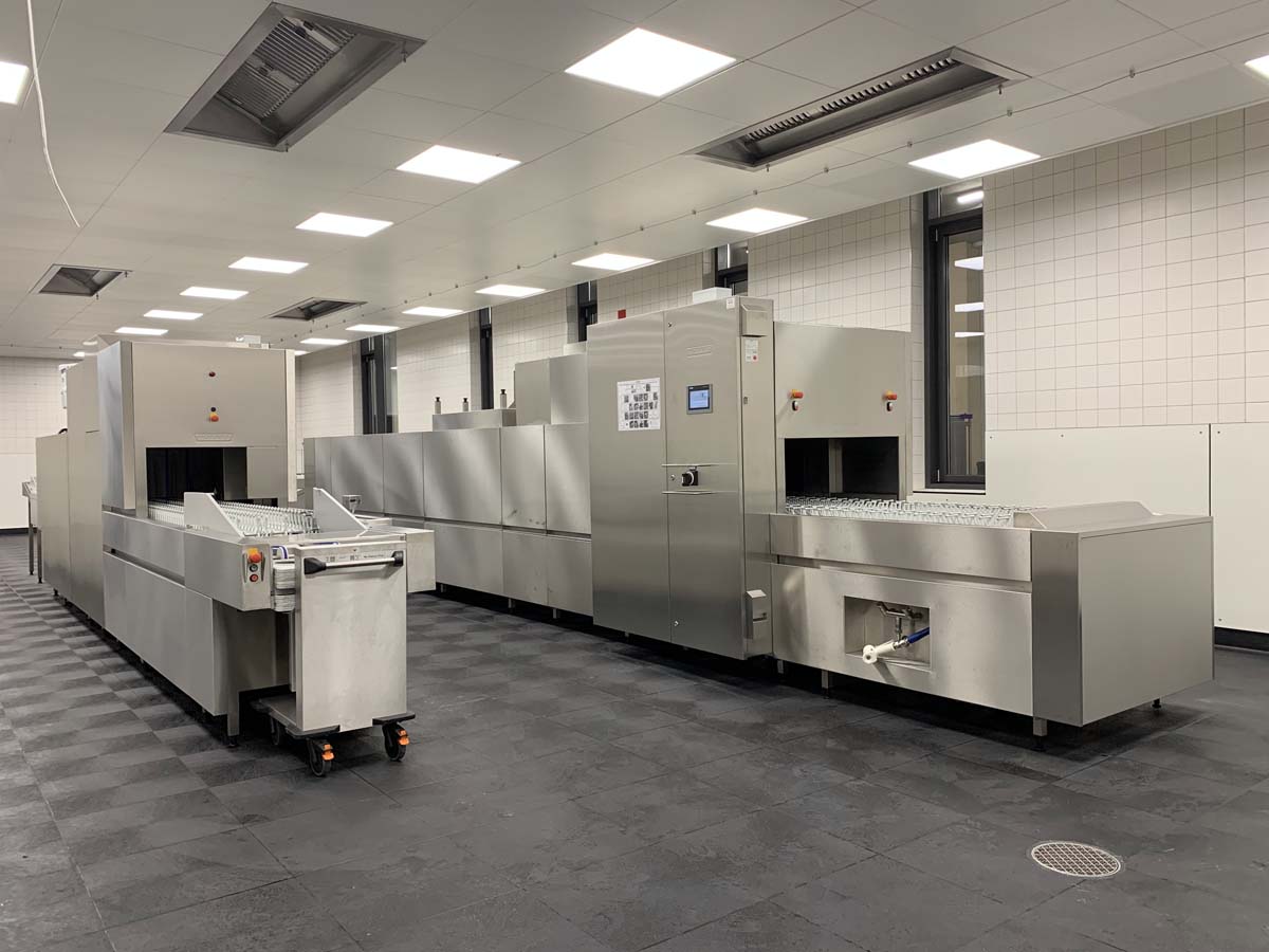 In der Küche der KCS werden jeden Tag durchschnittlich knapp 2500 Mahlzeiten hergestellt und es laufen etwa 40 000 Geschirr- und Besteckteile über die Spülbänder. Da die alten Spülmaschinen bereits seit 2003 in Betrieb waren und ein reibungsloser Einsatz nicht mehr gewährleistet war, wurde es Zeit für eine neue Maschine. Im Zuge des Austauschs wurde auch die bauliche Substanz und die Infrastruktur in dem Gebäude angepasst und erneuert.
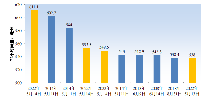 5月11-14日,受西南季风影响,深圳出现大暴雨局部特大暴雨降水,过程具有“累计雨量大、短时雨强、影响范围广”的特点,过程最大72小时雨量611.1毫米,刷新历史纪录,另有3站72小时雨量进入历史前十。
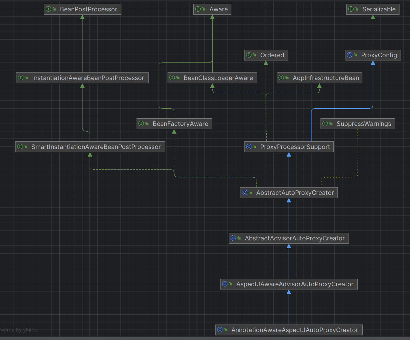 这里给出笔者的一个想法,其实spring的aop就是靠调用这两个接口来实现的,因为spring在初始化自身容器时会在不同的时机调用这两个接口的实现类,尤其是BeanPostProcessor,通过子实现去决定一个bean或者bean的方法是不是和匹配规则能苟匹配上,将匹配规则对于的额外逻辑形成一个调用链,在调用对应方法的时候判断是否需要调用额外逻辑。
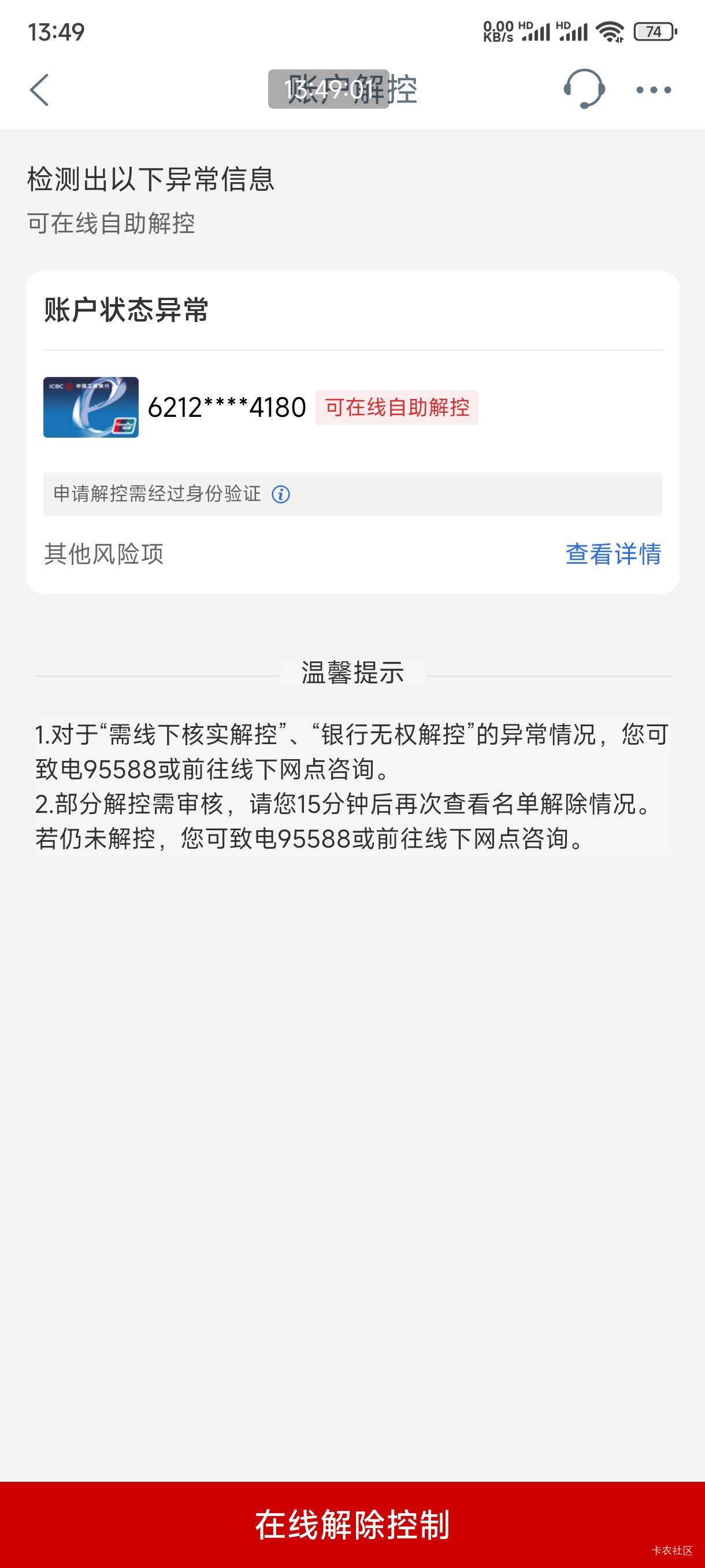 工行怎么这么恶心,对象号40万豆想着没预留想着直接开个卡,昨天开的存了100付了2块钱直接异常了,已经申请了能解开吗

__Work order__
Copy out exactly the lines that run from the line containing "这里给出笔者的一个想法,其实" through the last line of the material, and nothing more; omit the pictures.

__Solved problem__
 这里给出笔者的一个想法,其实spring的aop就是靠调用这两个接口来实现的,因为spring在初始化自身容器时会在不同的时机调用这两个接口的实现类,尤其是BeanPostProcessor,通过子实现去决定一个bean或者bean的方法是不是和匹配规则能苟匹配上,将匹配规则对于的额外逻辑形成一个调用链,在调用对应方法的时候判断是否需要调用额外逻辑。
 工行怎么这么恶心,对象号40万豆想着没预留想着直接开个卡,昨天开的存了100付了2块钱直接异常了,已经申请了能解开吗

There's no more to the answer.